In 1988, Eckert was tried for the murder attempt on Claudia. He was then 29 years old. At the end of his judgment, Eckert was found guilty of attempted murder and sentenced to 12 years in prison. While in detention, Eckert received only a few hours of therapy from a psychologist who had heard of his sexual fantasies. But it was concluded that Volker Eckert could be released without problem.

=== Serial killings ===
In July 1994, Eckert was released from prison, after 6 1/2 years of detention. Eckert moved to Hof in Bavaria, and became a truck driver in 1999. He used his truck to attract prostitutes and thus rediscover his "childish fantasy" His victims worked as sex workers in these countries between 2001 and 2006:
- 25 June 2001, Sandra Osifo, a 21-year-old Nigerian sex worker near Chermignac, near the city of Bordeaux in western France
- 9 October 2001, Beatriz Diaz, a 24-year-old sex worker in Maçanet de la Selva, Catalonia, Spain
- 5 September 2004, Ahhiobe Gali, a 25-year-old Ghanaian sex worker in Rezzato, Italy
- 1 March 2005, Mariy Veselova, a 27-year-old Russian sex worker in Figueres, Catalonia, Spain
- 2 October 2006, Agneska Bos, a 28-year-old Polish sex worker at Reims, France
- 2 November 2006, Miglena Petrova, a 20-year-old Bulgarian sex worker in Hostalric, Catalonia, Spain

In most cases, Eckert strangled and photographed them. He kept a journal with the details of the murders. In addition, he cut off the hair.

==== Unconfirmed murders ====
Eckert is believed to have committed at least seven additional murders across Europe, including:
- April 1987, Heike Wunderlich, an 18-year-old student in Plauen, East Germany
- August 2002, Benedicta Edwards, a 23-year-old sex worker from Sierra Leone in Troyes, France
- Four other women, three of them in the Czech Republic and one in France, according to the police in those countries

=== Arrest ===
Following the murder on 2 November 2006, footage caught by a surveillance camera showing Eckert's truck next to the naked corpse of his victim, which was located beside the parking lot, was reported to the Catalan police (Mossos d'Esquadra).

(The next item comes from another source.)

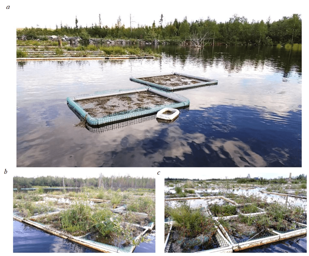In [49], it is provided an example of the formation of an aquatic biocenosis in areas where CFW was applied on the Chicago River (USA), where the activity of zooplankton, insects, amphibians, reptiles, fish, and birds was noted in areas occupied by floating plant structures. Research [28] noted the active colonization of the floating bioplatform area by mosses and higher plants not included in the artificial phytocenosis, as well as the appearance of frogs, ducks, waders, hares, otters, and mice. The condition of the plant phytomodules observed in this study at the quarry water settling pond in 2024 is shown in Fig.5, 6.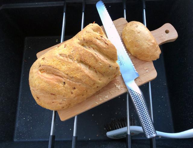 Placer et skærebræt på skinnerne, når brødet skal skæres. Så slipper du for at tørre krummer væk fra bordpladen bagefter.

Eckert could be identified via the truck, and a few weeks later German police detained him in Wesseling, near Cologne, on 17 November 2006. The police found tufts of hair and pictures of his victims subjected to various tortures in Eckert's truck and in his house. During the interrogations, Eckert acknowledged committing six murders, the five sex workers in France and Spain, and that of his classmate in Germany.

== Death ==
In July 2007, while awaiting trial, Eckert committed suicide on 2 July 2007, in the middle of criminal proceedings against him. He was found dead in his cell in Bayreuth, Bavaria, having hanged himself using a drape as a makeshift noose and tying it around a TV mounting bracket. Eckert had reportedly been distressed because his sister did not visit him for his birthday the day before.

==Media==
Eckert's case was covered in the 3rd episode of World's Most Evil Killers.

His crimes were also theme of the German podcast Verbrechen von Nebenan in episode 98 "Der LKW Killer."

In much more recent years, an image of Eckert was used in various memes, claiming his real name was “Amon Gus”, joking about the video game Among Us.